Exide Industries, India’s largest battery maker — the company behind the lead-acid batteries that start most cars and keep home inverters running during power cuts — has invested another ₹99.99 crore in its wholly owned lithium-ion subsidiary, Exide Energy Solutions Ltd (EESL), bringing total funding for the greenfield cell factory near Bengaluru to ₹4,902.23 crore. [announcement] This is the fourth tranche in six months and part of a ₹1,400 crore plan approved by the board in January 2026 to cover both equipment spending and initial working capital as the plant moves from installation to production. The steady drip of cash — ₹650 crore deployed under the January plan, with ₹750 crore still to go — reflects a business entering its most capital-hungry phase: commissioning four production lines while the subsidiary burns through ₹248.16 crore a year with barely ₹157.56 crore in revenue. [announcement]

The Investment Tally and What’s Left

Each investment in the sequence served the same purpose — funding the phased completion of a multi-gigawatt lithium-ion cell facility — and the pace has quickened markedly in recent months.

The cumulative ₹4,902.23 crore includes earlier investments predating these quarters. [announcement] EESL’s net worth at the end of March 2026 stood at ₹3,991.06 crore — meaning the parent has effectively funded the subsidiary’s entire equity base and then some. [announcement]

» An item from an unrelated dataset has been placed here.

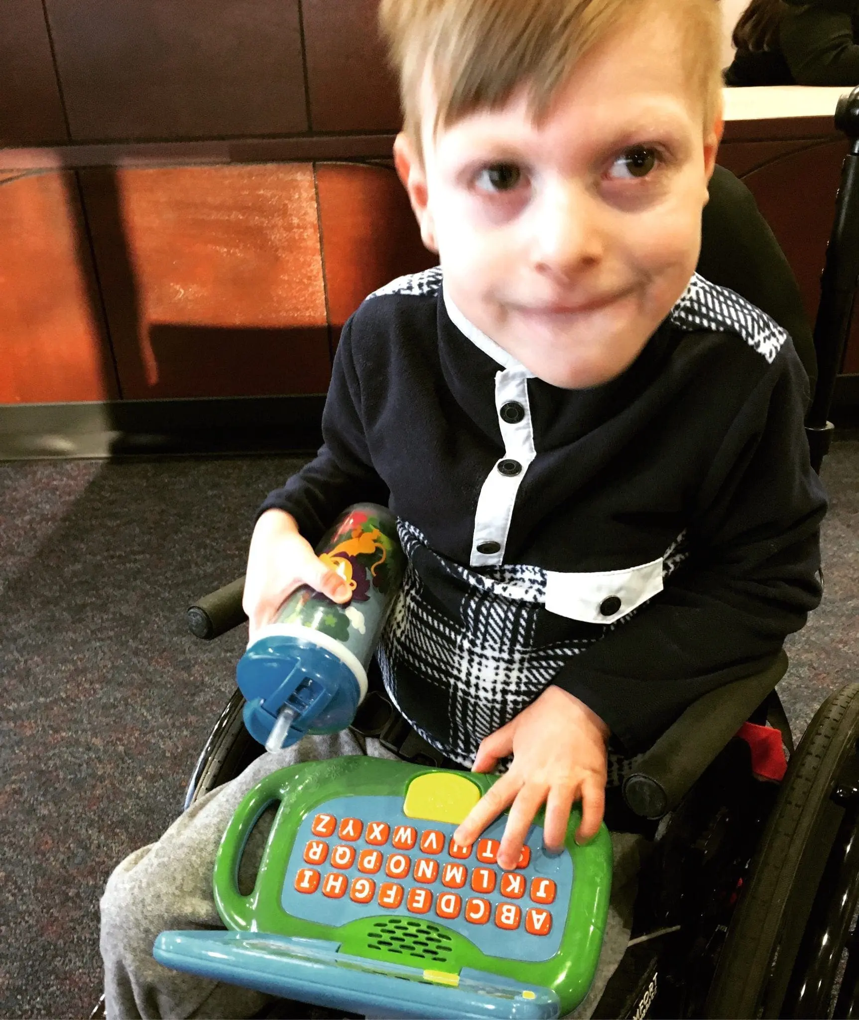 This one was an unexpected winner in our house. I had been practicing with my son on his speaking device in the same supported chair in our living room…until it occurred to me that both child and device were mobile. And routines lead to ruts. So, we took the Tobii on a walk, to the mall and to the grocery store. We began to “people watch” and recount (on low volume) what the world was up to. Because the surroundings were different each time, they provided different speech scenarios from what he could get at home or in therapy. I had finally found something unique to contribute to language learning. These became our “verbal adventures” where he became the narrator of his own story.

Why the Money Keeps Flowing

Exide’s management has been unambiguous about the lithium-ion project being the company’s “investment for tomorrow” — the third pillar of capital allocation after factory automation and the core lead-acid business. The factory itself is now in the final stretch. On the Q4 FY26 earnings call in May 2026, Managing Director Avik Roy said cylindrical cell samples would begin shipping to customers “around this month,” with prismatic line trials starting shortly after. The February 2026 call had already indicated that the prismatic LFP line — aimed at three-wheelers and e-rickshaws — would “possibly be the first revenue stream from the cell side” because it requires less stringent OEM validation.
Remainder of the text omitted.